Faculty of Business Administration


Business Economics

Tail Event Driven ASset Allocation:

Evidence from equity and mutual funds’ markets


Prof. Wolfgang Karl HÄRDLE

Ladislaus von Bortkiewicz Chair Professor of Statistics

School of Business and Economics

Humboldt University of Berlin




Classical asset allocation methods have assumed that the distribution of asset returns is smooth, well behaved with stable statistical moments over time. However, with market volatility increasing over time and after recent crises, asset allocators have cast doubts on the usefulness of such static methods that registered large drawdown of the portfolio. Others have suggested dynamic or synthetic strategies as alternatives, which have proven to be costly to implement. The authors propose and apply a method that focuses on the left tail of the distribution and does not require the knowledge of the entire distribution, and may be less costly to implement. The recently introduced TEDAS -Tail Event Driven ASset allocation approach determines the dependence between assets at tail measures. The authors extend TEDAS methodology to three gestalts differing in allocation weights’ determination: a Cornish-Fisher Value-at-Risk minimization, Markowitz diversification rule and naive equal weighting. TEDAS strategies significantly outperform other widely used allocation approaches on two asset markets: German equity and Global mutual funds.


Date:           6 March, 2017 (Monday)

Time:          10:30~11:45

Venue:        Faculty of Business Administration, E22-2011


A Short Biography of Prof. Wolfgang Karl HÄRDLE

Professor Wolfgang Karl Härdle completed his Doctorate in Mathematics at Heidelberg University and received his Habilitation in Statistics and Econometrics at Bonn University. He is currently the Ladislaus von Bortkiewicz Chair Professor of Statistics at the School of Business and Economics of the Humboldt University of Berlin. His research interests are smoothing methods, discrete choice models, statistical modelling of financial markets and computer-aided statistics.
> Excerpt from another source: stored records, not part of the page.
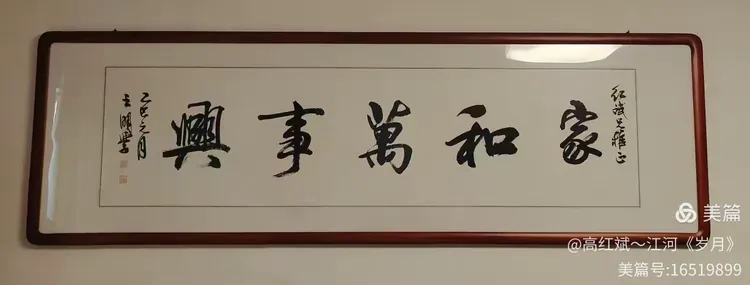 今天我把这粗浅的一点感受写下来与我身边的朋友分享,我想让更多的人感受到书法的魅力和王明学老师虽是大家却谦逊为人的风采。因为王老师的作品曾被作为国宝赠送给外国友人。我今天有幸能得到王老师为所写的“家和万事兴”的墨宝,乃不胜感激之至!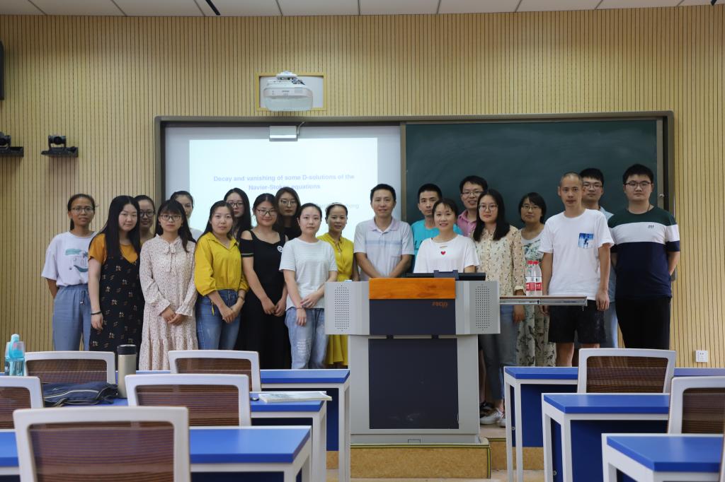 2019年9月2日-11日,应信阳师范公司太阳成集团tyc234cc主页邀请,美国加州大学河湾分校张旗教授在太阳成集团tyc234cc主页507教室作了“偏微分方程基本理论简介”的系列学术报告。报告由太阳成集团tyc234cc主页副经理蔡礼明教授主持,偏微分方程科研团队全体成员和部分研究生聆听了此次报告。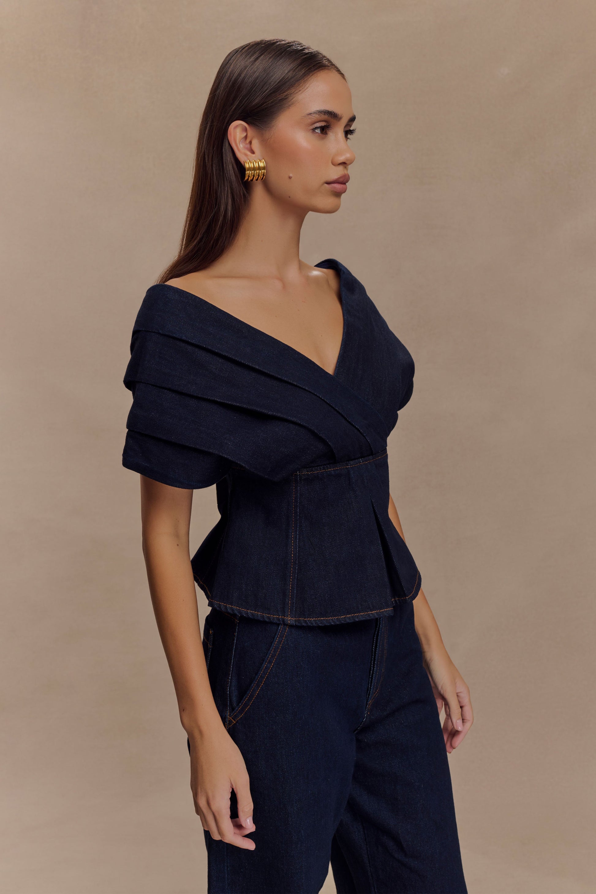 Rayne Haut en jean à épaules dénudées - Bleu indigo
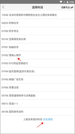 点击其中一个专业之后,页面又跳转到科目选择,你需要选择你要练习的科目,如果没有你的科目可以点击下方的“添加”按钮。

He also deals with the modelling of implied volatilities and the statistical analysis of financial risk. He has published extensively and his works have appeared in prestigious journals, among them Annals of Statistics, Econometric Theory, Journal of the American Statistical Association, Journal of Econometrics and Journal of the Royal Statistical Society. He is one of the ‘Highly cited Scientist’ according to the Institute for Scientific Information.